而现在,他将这一面运用到了她的身上。
颜澄往后退了一步。
但她刚一动,贺斯聿却反而朝她逼近了些许,那幽深的眼眸落在她的身上,就好像是在看着什么猎物一样。
――他在逼着她往他的陷阱里跳。
颜澄的心口忍不住收缩了一下。
然后,她突然又笑了起来,“你……其实也不是因为喜欢我对吗?你只是……不希望我过得好而已。”
――什么新生活、新恋情?
他不允许,她就不能拥有。
因为她之前拒绝了他。
在他眼里,他好不容易愿意纡尊降贵地给自己一个台阶下来,她就应该感恩戴德、就应该马上回到他的身边。
但她拒绝了。
这是贺斯聿从未想过的答案。
如果只是单纯的拒绝,他或许并不会觉得什么,可偏偏,她又认识了新的人。
这对贺斯聿来说,就好像是他的东西被染指了一样。
哪怕那样东西,之前是他先行丢弃的,他也只允许那东西烂在泥里。
简单来说,就是在他眼里,只要他不点头,她就不配过得好。
“你现在能走的路只有两条。”贺斯聿告诉她,“要么,按照我想的去做,要么……你就离开a市,永远不要再让我看到你。”
“好,那我走。
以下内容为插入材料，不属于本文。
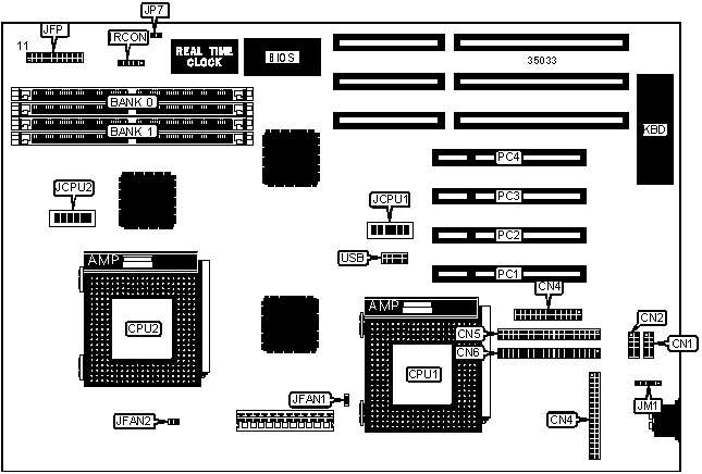 | Floppy drive | CN3 | IDE interface | JFP pins |
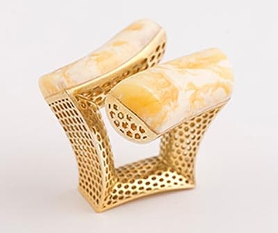 Pierścień Beijing zaprojektowany przez Mirona Kutarbę i wykonany w firmie A2 Studio Biżuterii to laureat Konkursu na Najatrakcyjniejszą Biżuterię z Bursztynem prezentowaną na targach Ambermart 2017.
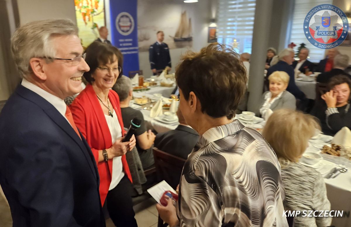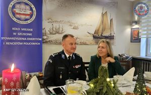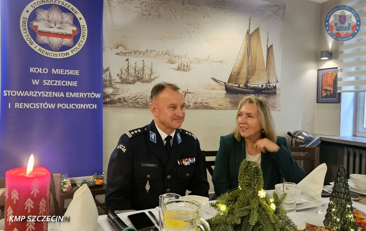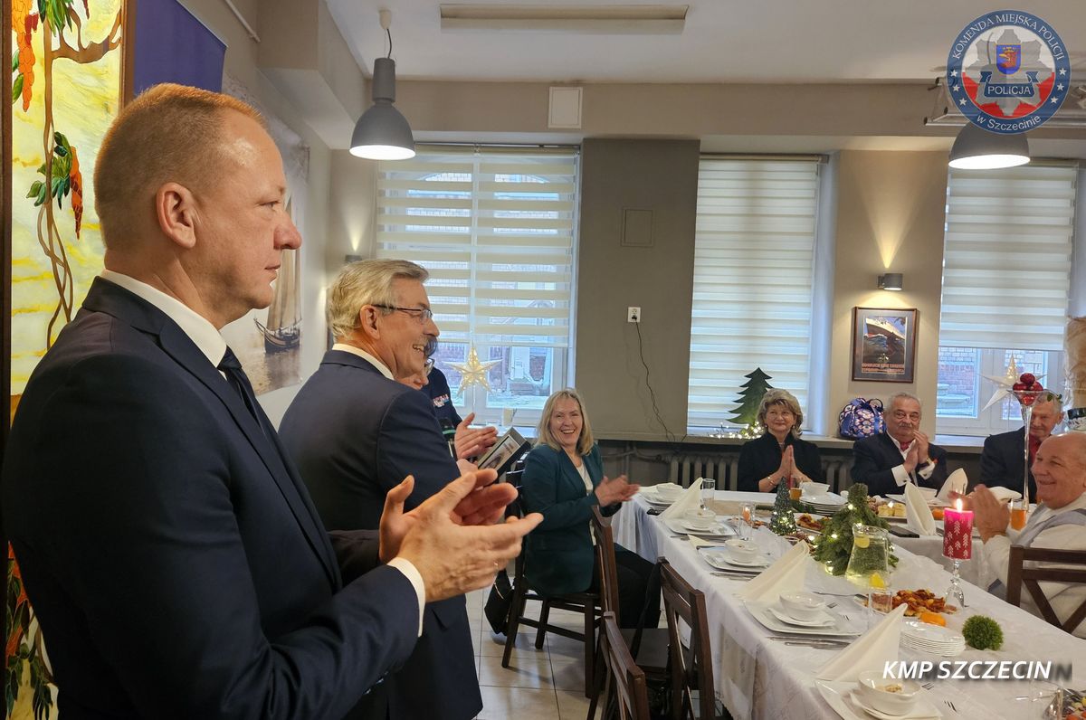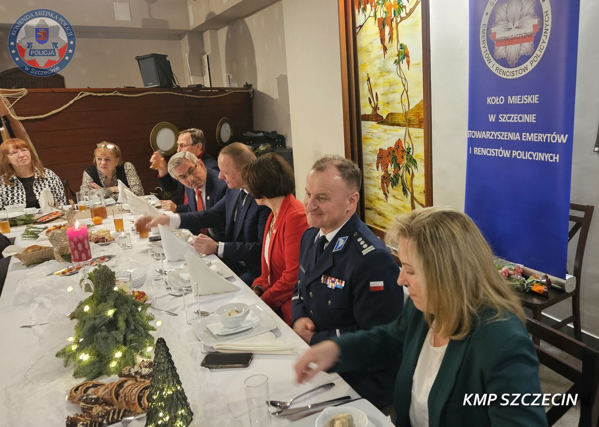Policyjni emeryci i renciści spotkali się na wspólnej wigilii w Klubie „Pod Masztami” w Szczecinie. W wydarzeniu uczestniczyli dr Marek Jasztal – Zastępca Komendanta Wojewódzkiego Policji w Szczecinie oraz insp. Piotr Makuch – Komendant Miejski Policji w Szczecinie.

”
颜澄倒是很快说道。
她回答地很快,几乎没有任何的犹豫。
因为太过于干脆,贺斯聿的瞳孔都不由微微缩了一下。
这里……是颜澄的故土。
她在这里出生、在这里长大。
而且她父母的坟墓都还在这里,所以贺斯聿以为,她不会选择第二个的。
但事实是,她就这么答应了。
――干脆而直接的。
所以,她就这么不想回到他的身边?
那个曾经说会一辈子赖着他、喜欢他的人,此时却为了可以离开他,不惜背井离乡。
哦对了,她刚才还说了什么?
嗯,她说,她讨厌他。
――讨厌。
那个曾经在他面前一遍遍说着喜欢、爱他的人,现在说,讨厌他。
不是怨、也不是恨,而是单纯的讨厌。
当这个认知在脑海中铺散开时,贺斯聿只觉得好像有一股火苗正在他的胸口间蹿动着。
他的牙齿忍不住咬紧了,不断滚动的喉结尝试着将那股感觉压下去。
但显然,这并没有什么效果。
他的手忍不住扣紧她的,手背和小臂上,是一条条暴起的青筋。
颜澄只觉得自己的骨头都要被他捏碎了,也忍不住反抗,“你干什么?把手松开!”
“我说了我可以走!我会找一个你看不见我的地方,我一辈子不出现在你面前够了吗?”
颜澄的话说着,贺斯聿只觉得那把火越发的疯狂起来。
叫嚣着蹿动着,仿佛要将眼前的一切焚烧干净。
但越是这样,他的表情却越发平静起来。